== Working data ==

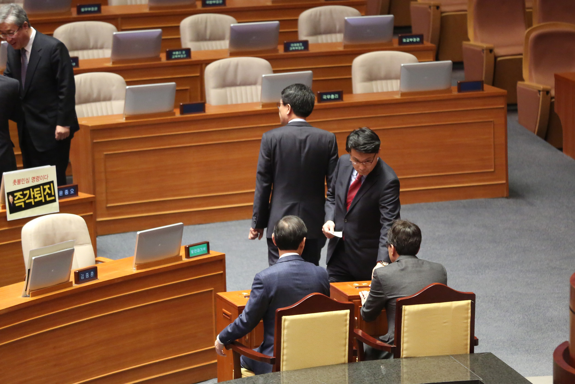 윤상현 새누리당 의원이 9일 오후 국회 본회의장에서 열린 박근혜 대통령 탄핵소추안에 투표에 참여하고 있다.
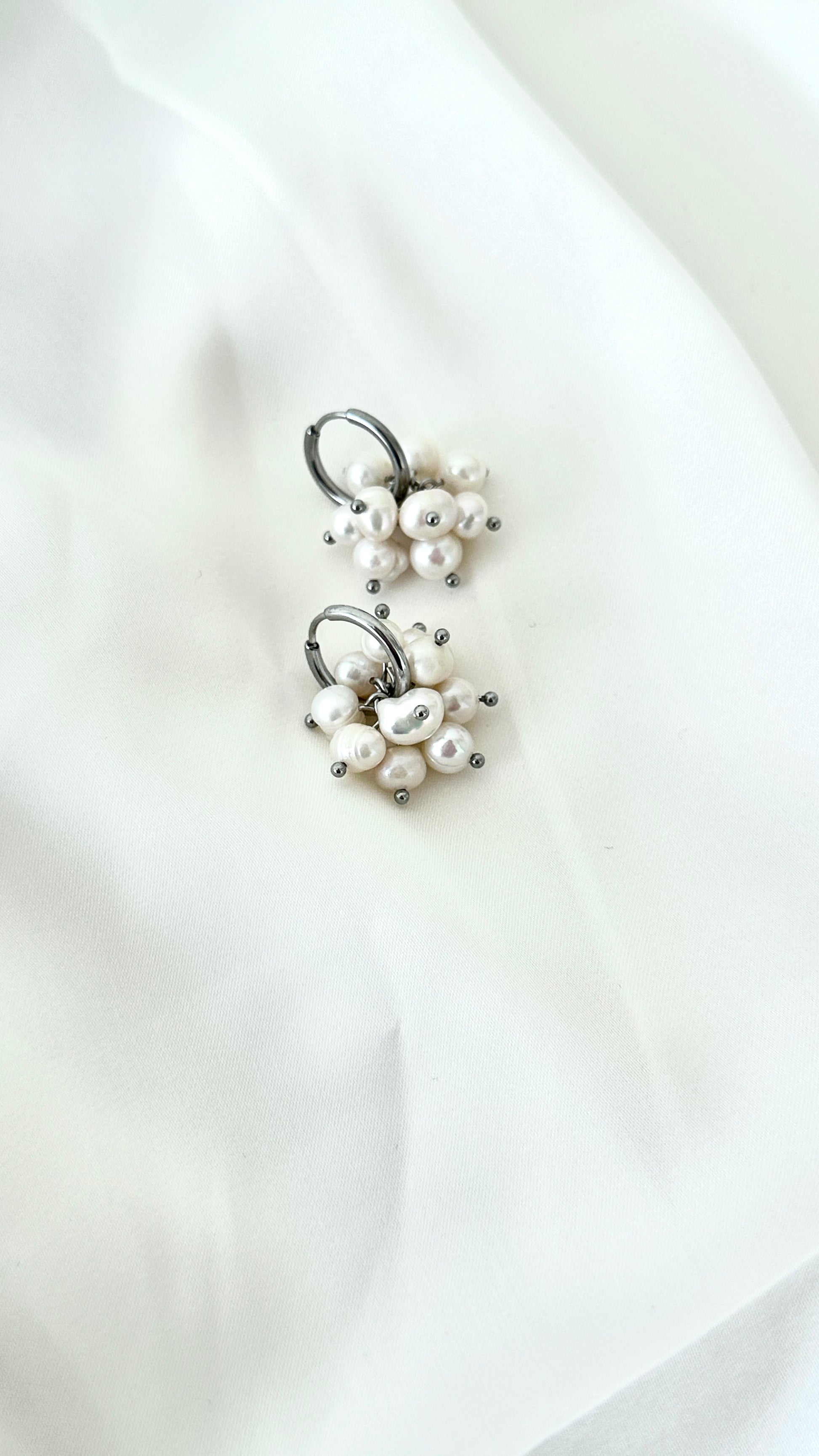HELENA-korvakorut ovat aidoista, valkoisista makeanvedenhelmistä käsin kootut korut, joissa jokainen helmi on omanlaisensa. Helminippu on irrotettava – voit käyttää korua minimalistisesti pelkkänä renkaana tai lisätä helmet mukaan, kun haluat näyttävämmän ilmeen.
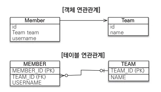 반면 테이블은 외래 키를 사용해 테이블과 연관관계를 가지고 조인을 사용해 연관된 테이블을 조회한다.
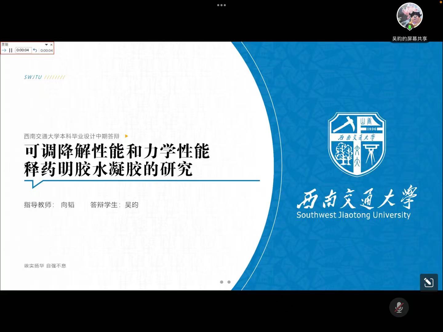 结合学院实际情况,本次中期答辩采取线上形式。其间,参会老师重点检查毕业设计(论文)开展情况、任务书执行进度、与指导教师沟通及指导纪要填写情况、存在的问题及拟解决问题的方案和措施等。在答辩过程中,同学们一一展示了自己的科研成果,包括研究背景、研究方法、研究结果等。老师们对每位同学的答辩都提出了精准的问题,并就答辩中出现的问题给出了自己的观点和建议。
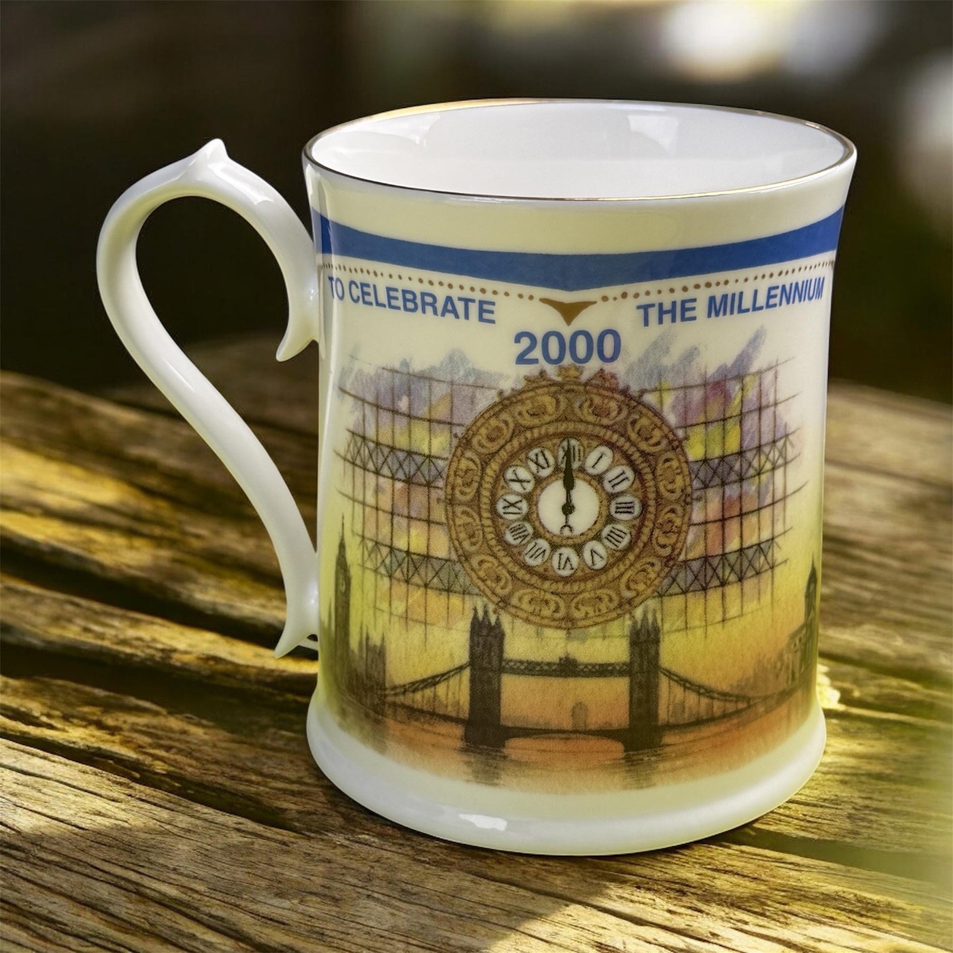 Aynsley Millennium 2000 Fine Bone China Mug, produced as a limited edition of 5,000 pieces exclusively for Peter Jones China of Wakefield. Made in England, this commemorative mug celebrates the turn of the millennium with a detailed London skyline featuring Big Ben and Tower Bridge, complemented by Union Jack detailing.
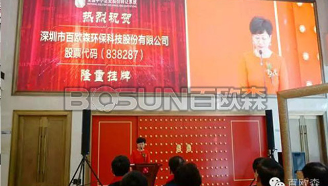 深圳市百歐森環(huán)保科技股份有限公司掛牌上市,成功登陸資本市場,具有里程碑式意義,在新的市場形勢下,為企業(yè)規(guī)模化、高標準經(jīng)營開辟了一條新路,勢必將進一步提升企業(yè)品牌影響力,帶來更加廣闊的發(fā)展空間,為環(huán)保事業(yè)做出更大的貢獻!讓我們共同期待,上市之后的百歐森即將帶給我們的傳奇精彩。
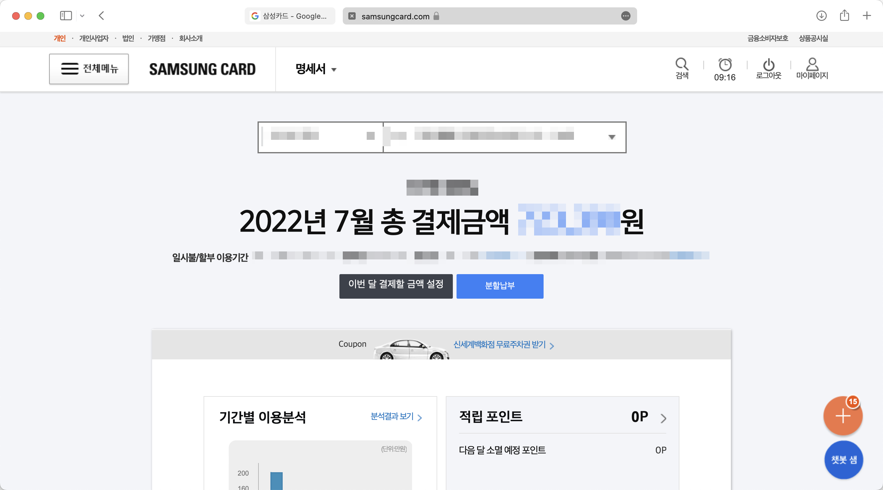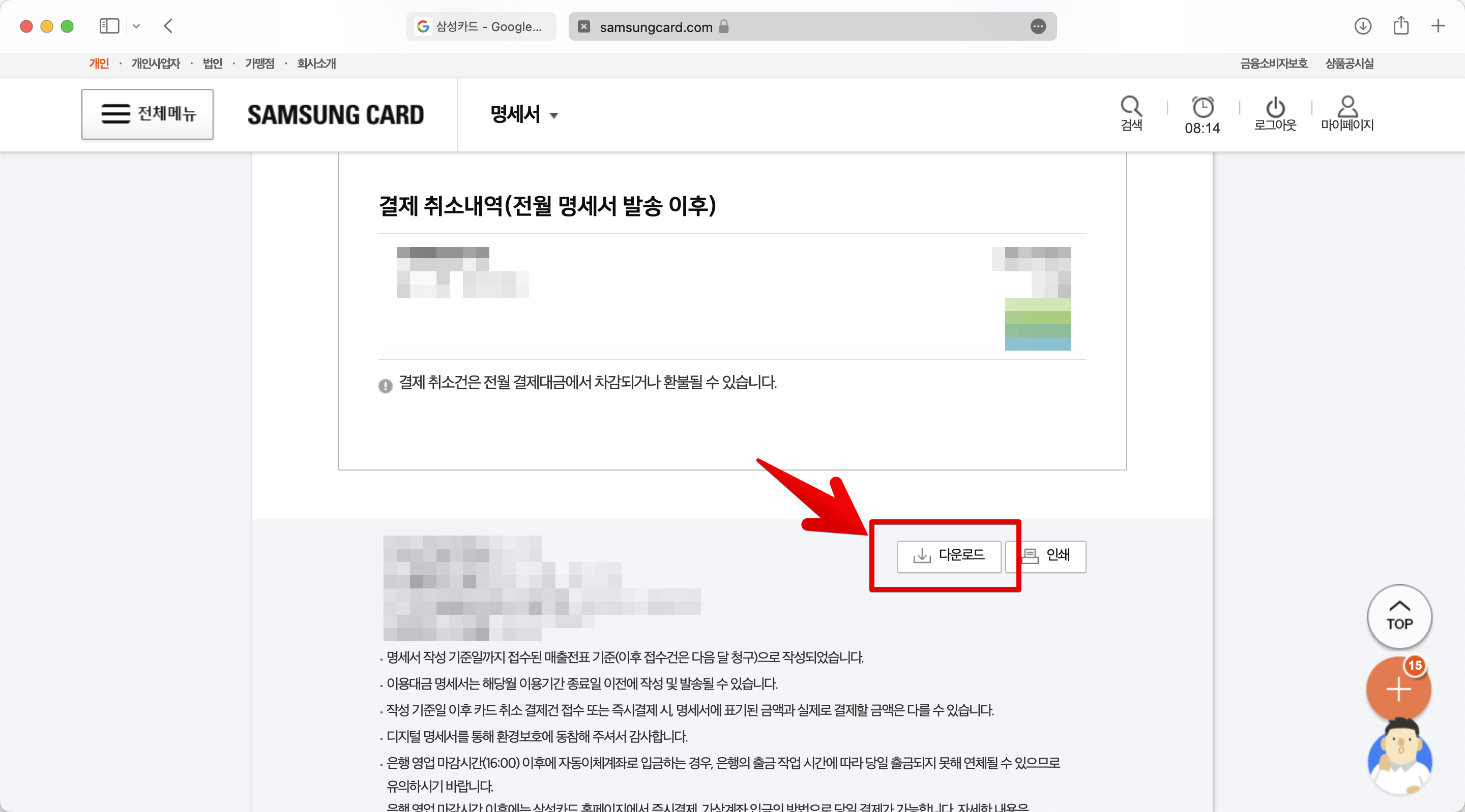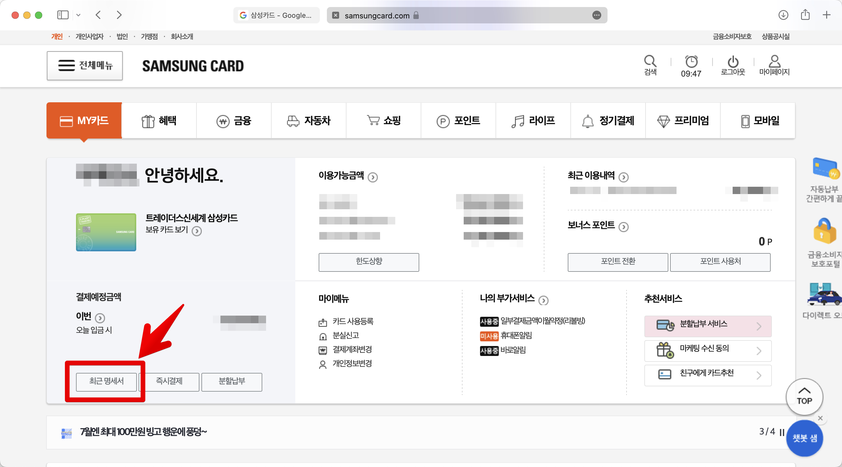 로그인 하고나면 메인화면에 my 카드 정보를 볼 수 있는 영역이 있고, 그곳에서 "최근 명세서"를 클릭한다.
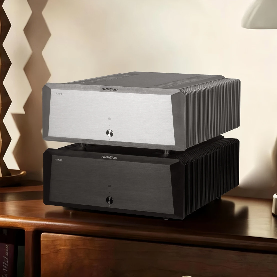 The MUSICIAN GEMINI is a high-fidelity stereo power amplifier engineered to be the definitive final stage in a serious hi-fi system. Built on a pure Class AB topology with dual-mono construction, the GEMINI delivers complete channel separation, a blacker noise floor, and effortless control over demanding loudspeaker loads. An oversized toroidal transformer provides the current reserve needed for dynamic, transient-rich music, while balanced XLR and unbalanced RCA inputs ensure compatibility with virtually any preamplifier or DAC. Available in Silver or Black with 100V and 220V voltage options, the GEMINI is built for global use and pairs naturally with the MUSICIAN PEGASUS and AQUARIUS DAC.
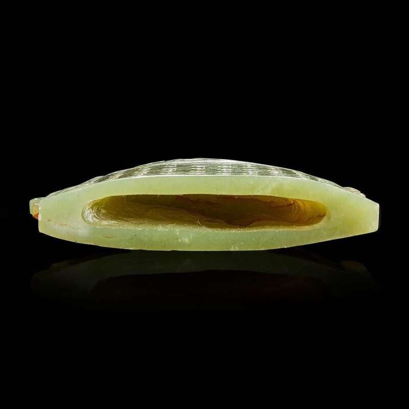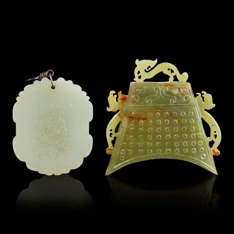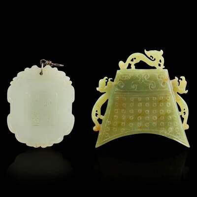A Chinese white jade pendant and celadon jade "bell" 白玉牌饰和青玉钟一组
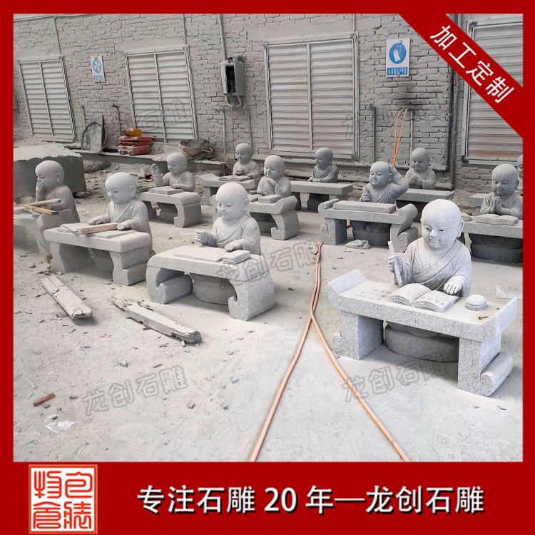花崗巖石雕禪意小和尚圖片大全主要分為掃地小和尚,晨練小和尚,吹笛小和尚,打盹小和尚,偷懶小和尚等。正在打坐的石雕小和尚,眼睛微閉,正打著盹,慵懶可愛,充滿童趣。在景區,文化廣場,校園等地擺放,給人們帶來歡樂,同時又不失為一道風景線。

===

Print out each record exactly as shown, but keep the pictures out.

§ Output for this task
 윤상현 새누리당 의원이 9일 오후 국회 본회의장에서 열린 박근혜 대통령 탄핵소추안에 투표에 참여하고 있다.
HELENA-korvakorut ovat aidoista, valkoisista makeanvedenhelmistä käsin kootut korut, joissa jokainen helmi on omanlaisensa. Helminippu on irrotettava – voit käyttää korua minimalistisesti pelkkänä renkaana tai lisätä helmet mukaan, kun haluat näyttävämmän ilmeen.
 반면 테이블은 외래 키를 사용해 테이블과 연관관계를 가지고 조인을 사용해 연관된 테이블을 조회한다.
 结合学院实际情况,本次中期答辩采取线上形式。其间,参会老师重点检查毕业设计(论文)开展情况、任务书执行进度、与指导教师沟通及指导纪要填写情况、存在的问题及拟解决问题的方案和措施等。在答辩过程中,同学们一一展示了自己的科研成果,包括研究背景、研究方法、研究结果等。老师们对每位同学的答辩都提出了精准的问题,并就答辩中出现的问题给出了自己的观点和建议。
 Aynsley Millennium 2000 Fine Bone China Mug, produced as a limited edition of 5,000 pieces exclusively for Peter Jones China of Wakefield. Made in England, this commemorative mug celebrates the turn of the millennium with a detailed London skyline featuring Big Ben and Tower Bridge, complemented by Union Jack detailing.
 深圳市百歐森環(huán)保科技股份有限公司掛牌上市,成功登陸資本市場,具有里程碑式意義,在新的市場形勢下,為企業(yè)規(guī)模化、高標準經(jīng)營開辟了一條新路,勢必將進一步提升企業(yè)品牌影響力,帶來更加廣闊的發(fā)展空間,為環(huán)保事業(yè)做出更大的貢獻!讓我們共同期待,上市之后的百歐森即將帶給我們的傳奇精彩。
 로그인 하고나면 메인화면에 my 카드 정보를 볼 수 있는 영역이 있고, 그곳에서 "최근 명세서"를 클릭한다.
 The MUSICIAN GEMINI is a high-fidelity stereo power amplifier engineered to be the definitive final stage in a serious hi-fi system. Built on a pure Class AB topology with dual-mono construction, the GEMINI delivers complete channel separation, a blacker noise floor, and effortless control over demanding loudspeaker loads. An oversized toroidal transformer provides the current reserve needed for dynamic, transient-rich music, while balanced XLR and unbalanced RCA inputs ensure compatibility with virtually any preamplifier or DAC. Available in Silver or Black with 100V and 220V voltage options, the GEMINI is built for global use and pairs naturally with the MUSICIAN PEGASUS and AQUARIUS DAC.
A Chinese white jade pendant and celadon jade "bell" 白玉牌饰和青玉钟一组
花崗巖石雕禪意小和尚圖片大全主要分為掃地小和尚,晨練小和尚,吹笛小和尚,打盹小和尚,偷懶小和尚等。正在打坐的石雕小和尚,眼睛微閉,正打著盹,慵懶可愛,充滿童趣。在景區,文化廣場,校園等地擺放,給人們帶來歡樂,同時又不失為一道風景線。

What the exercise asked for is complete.